Questa norma interpretativa prevede che “Per gli effetti dell’articolo 21 della Tariffa annessa al decreto del Presidente della Repubblica 26 ottobre 1972, n. 641, le disposizioni dell’articolo 160 del Codice delle comunicazioni elettroniche di cui al decreto legislativo 1 agosto 2003, n. 259, richiamate dal predetto articolo 21, si interpretano nel senso che per stazioni radioelettriche si intendono anche le apparecchiature terminali per il servizio radiomobile terrestre di comunicazione”.
Ritenendo quindi dovuta la tassa sui telefonini, la Corte affronta l’altro aspetto importante del contenzioso: verificare se la tassa in questione, pur essendo dovuta, lo sia anche da parte degli enti locali o a quest’ultimi possa intendersi estesa l’esenzione spettante all’Amministrazione dello Stato.

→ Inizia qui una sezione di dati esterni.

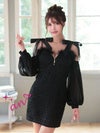 6. [an/アン] 高級肩出し 二の腕カバー 長袖 袖あり ジップ チェーン ショルダーリボン ファー付き タイトミニドレス
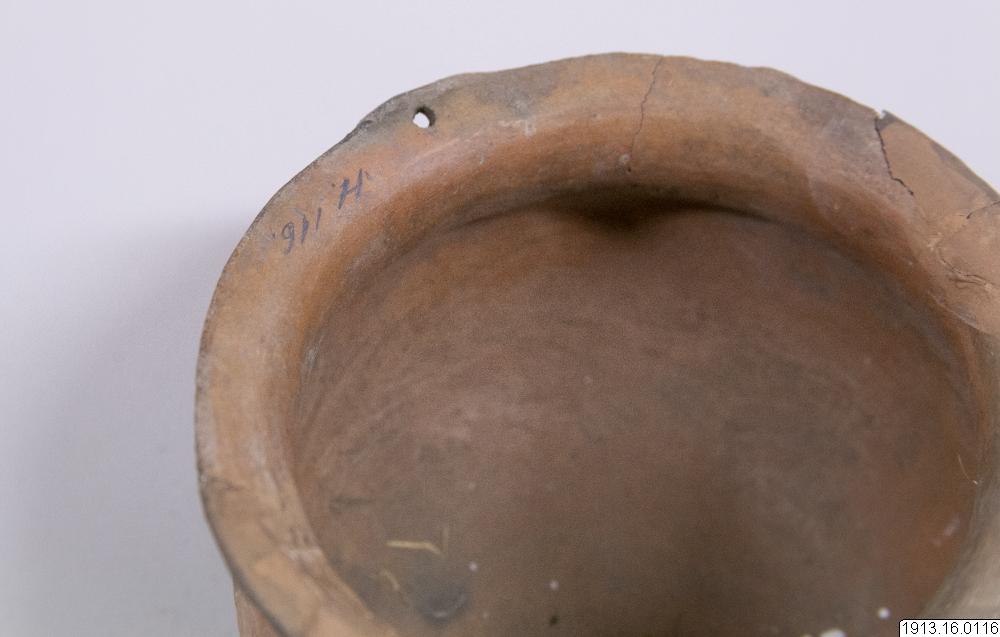Generalkatalog sidan 75: Lerkärl. Av brunt gods. Bukig form med plan bottenyta och utsvängd mynningskant. På ömse sidor nedanför denna en dubbel knapp och på samma ställe en genomborrning som gör det möjligt hänga upp kärlet. Rester av ett täckande vitt färglager på yttersidan med målning i två bruna nyanser. Mynningskanten skadad. Höjd 10 cm. Max.diam. och mynningsdiam. 15 cm. Avbildad av Nordens...

A questa domanda deve darsi risposta negativa in quanto, innanzitutto, la predetta esenzione non è specificamente prevista dal Dpr 641/1972 che, all’articolo 13-bis, comma 1, disciplina specificamente i casi di esenzione dal pagamento del tributo.
È da escludere, per ragioni di ordine sistematico e sostanziale, la possibilità di applicare l’invocata esenzione ai Comuni in base a un’interpretazione analogica dell’articolo 74, comma 1, del Tuir, che esclude dall’applicazione dell’Ires lo Stato e altri enti pubblici, compresi i Comuni.
Al riguardo, rilevano il differente ambito impositivo dell’Ires rispetto alla tassa sulle concessioni governative e la diversità dei relativi presupposti legittimanti l’applicazione del tributo, nonché, l’impossibilità di estendere in via analogica al caso di specie la disposizione recata dall’articolo 74, in quanto, per costante giurisprudenza, le disposizioni esentative e agevolative in materia tributaria non sono suscettibili di interpretazione analogica.
Infine, considerato che l’articolo 1, comma 2, del Dlgs 165/2001, distingue i Comuni dalle Amministrazioni dello Stato, deve escludersi che detti enti siano esonerati dal pagamento del tributo.